For decades, our focus has been compartmentalized, with distinct pathways for viral etiologies like HBV and metabolic conditions. However, the global epidemics of obesity and type 2 diabetes (T2DM) have fueled a dramatic rise in MASLD[13], leading to an inevitable and increasingly common convergence with endemic HBV[14]. This complex bidirectional relationship creates unique diagnostic and management challenges, as detailed in recent comprehensive review[14].

The central thesis of this editorial is that the extensive clinical experience and robust diagnostic strategies developed for one CLD can, and must, be adapted and generalized to address the complexities of co-pathology. The dynamic interplay between the viral injury of HBV and the metabolic derangement of MASLD necessitates a unified, comprehensive approach to non-invasive assessment.

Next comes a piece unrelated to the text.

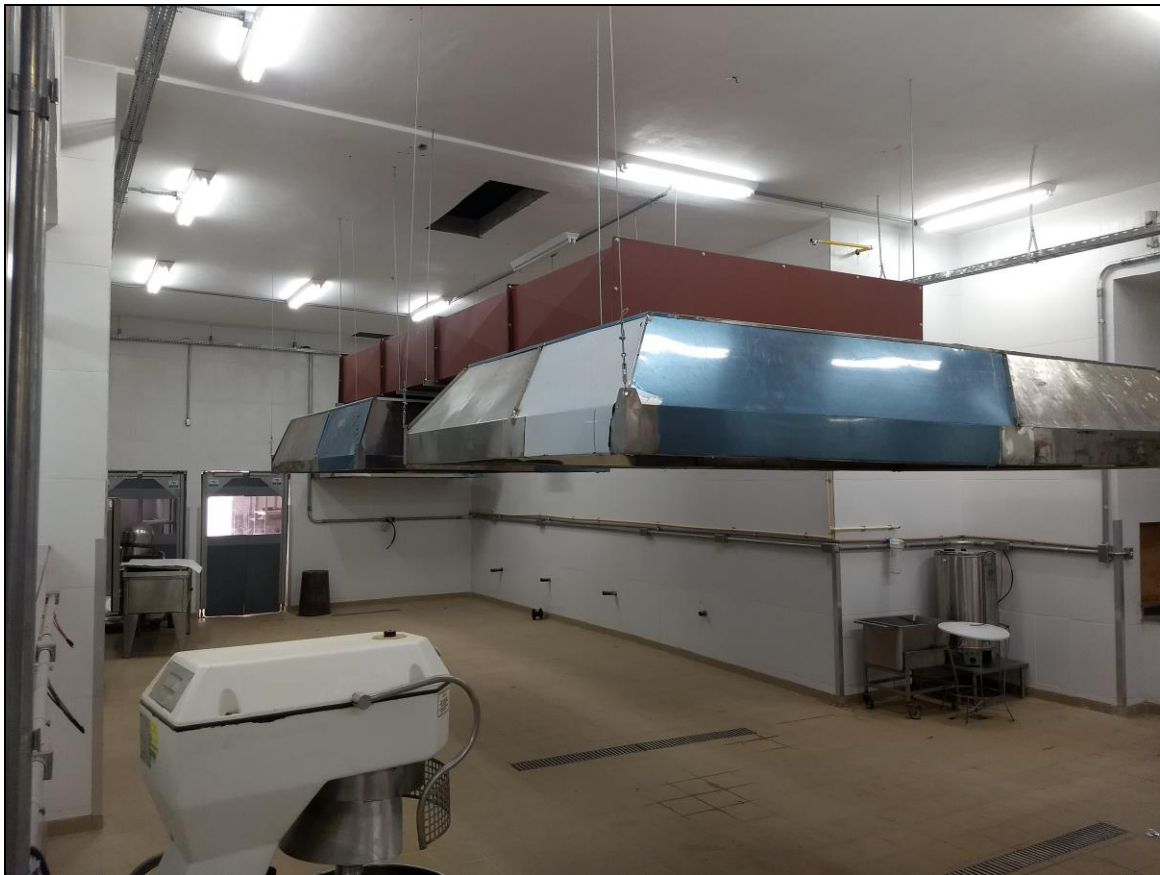
Foto 07 – Instalação da coifa sobre o local de instalação do fogão a gás do RU

This approach must abandon the outdated, singular focus on fibrosis and instead mandate the concurrent quantification of hepatic steatosis, as the evidence now increasingly evident demonstrates that both processes are inextricably linked drivers of disease progression.

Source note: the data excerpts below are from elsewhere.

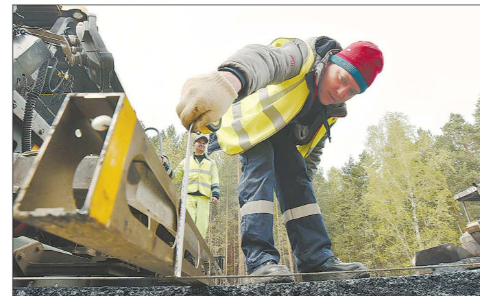
Толщину слоя органоминеральной смеси при укладке замеряют рулеткой

Органоминеральная смесь хорошо скрепляет частично повреждённую бетонную конструкцию, равномерно передаёт нагрузку и обеспечивает устойчивость к образованию таких деформаций, как колеи и трещины, – пояснил вчера журналистам главный ин-
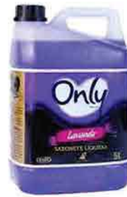
16466 SABONETE LIQUIDO ONLY LAVANDA | 1X5LT 7897534802063
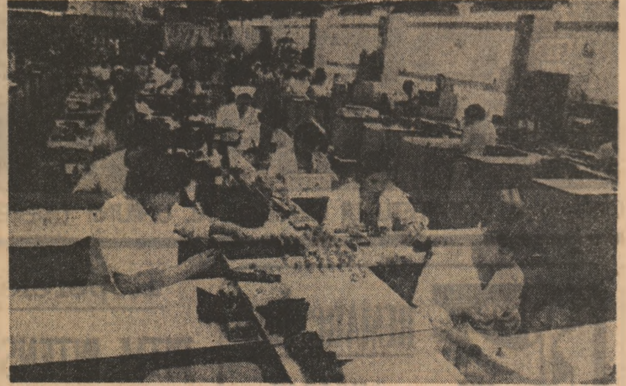
Organizațiile UTC. în munca lor de zi cu zi

de alimentare a hidroagregatelor. Deși, în această perioadă de timp, am avut o bună colaborare între toate departamentele și serviciile întreprinderii, totuși, în unele cazuri, am avut unele probleme de natură tehnică. Acestea au fost rezolvate în mod prompt și eficient de către oamenii de aici. În continuare, vom prezenta în continuare unele realizări deosebite ale oamenilor de aici, care sînt rezultatul unei activități energice și responsabile.

DAI PROTOCOL (L59-BASED NOMOGRAM) INNOVATION (AND LIMITS)

A major distinction highlighted in the Dai et al[1] protocol is the integration of L59 (LAP-DP), which acts as a molecular “footprint” of active plasma kallikrein-mediated TGF-β activation. This marker tracks the “smoke” of active fibrogenesis that peaks during early stages, whereas traditional scores primarily measure the “ash” of already accumulated matrix. Furthermore, we propose a holistic strategy, which mandates that fibrosis evaluation be linked to steatosis quantification via tools like magnetic resonance imaging - proton density fat fraction (MRI-PDFF) or controlled attenuation parameter (CAP). This integrated approach addresses the systemic nature of metabolic syndrome, allowing for the simultaneous stratification of hepatic and cardiovascular risks[15].

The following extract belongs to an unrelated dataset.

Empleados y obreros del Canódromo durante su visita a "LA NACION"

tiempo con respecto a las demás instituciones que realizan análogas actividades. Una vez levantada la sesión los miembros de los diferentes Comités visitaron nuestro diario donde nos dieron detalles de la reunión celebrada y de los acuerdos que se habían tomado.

International guidelines for CHB from Study of Liver Diseases (AASLD)[16], the European Association for the Study of the Liver (EASL)[17], and Asian-Pacific Association for the Study of the Liver (APASL)[18] prioritize the use of non-invasive tests (NITs), such as vibration-controlled transient elastography (VCTE) and serum-based biomarkers like fibrosis-4 (FIB-4) or AST to platelet ratio index (APRI), to stage liver disease in all hepatitis B surface antigen positive individuals. These tests are essential for detecting significant or advanced fibrosis, with specific thresholds-including an liver stiffness measurement (LSM) > 7-8 kPa or a FIB-4 > 1.45-acting as key indications to initiate antiviral treatment in patients who otherwise fall into “grey zone” or indeterminate clinical phases[16,17,19]. While NITs are preferred for monitoring disease progression because of their safety and repeatability, liver biopsy remains a recommended alternative in cases of diagnostic uncertainty or when results between different non-invasive modalities are discordant[16,17,20]. The integration of ALT, AST, and PLT into multiparametric models addresses several limitations of conventional non-invasive scores such as APRI and FIB-4, which often underperform in intermediate fibrosis stages and may be confounded by isolated biochemical fluctuations. By incorporating necroinflammatory markers alongside fibrosis-related parameters, these models better capture the biological heterogeneity of CHB and improve diagnostic discrimination across fibrosis stages.

Despite the conceptual elegance and biological coherence of this approach, its translation into routine clinical practice faces significant challenges. Measurement of L59 is not widely available, relying on specialized sandwich ELISA platforms that are time-consuming, costly, and largely confined to research laboratories. In contrast, ALT, AST, and PLT are standardized, automated tests, but their interpretation in isolation is influenced by extrahepatic conditions, medication effects, inter-assay variability, and transient inflammatory states.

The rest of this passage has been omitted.